HRE investor receives go ahead to convert building to medical in a tight market

Embarking on any type of commercial real estate (CRE) project in San Francisco can be a difficult task fraught with risk, be it for a new ground-up development or the repurposing of an existing building to a new use.

Gaining the necessary approvals for CRE projects – a process often referred to as the “entitlement” process – is notoriously challenging in San Francisco, a city of activists.

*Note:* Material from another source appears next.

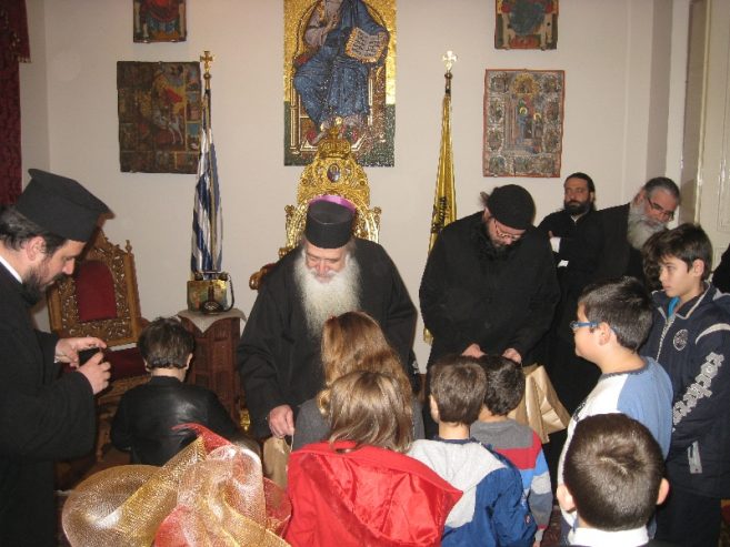 Ακολούθως μοίρασε δώρα ανάλογα με την ηλικία τους σε όλα τα παιδιά, στις πρεσβυτέρες και τους Ιερείς .

Many proposals in the city take months or even years to complete – if they are completed at all – while land and building costs continue to rise. A company proposing a project in San Francisco must do a thorough job of underwriting and due diligence up front, and it must have the capabilities and persistence needed to see the process through.

It sure looks as if that’s what White Plains, N.Y.-based Seavest Healthcare Properties LLC has accomplished with its first-ever project in the City by the Bay: a repurposing and rebranding of an older, seven-story, 119,262 square foot office building at 939 Ellis St. into a modernized outpatient medical facility.

“I would say this is the first time we’ve really taken real entitlement risk on a project,” David Braunstein, VP of acquisitions for Seavest tells Healthcare Real Estate Insights™.

But it was a calculated risk and the company’s subsequent nine months of hard work has paid off. The San Francisco Planning Commission voted unanimously in March to approve Seavest’s application for a health services conditional use authorization for the building, clearing the way for the medical conversion.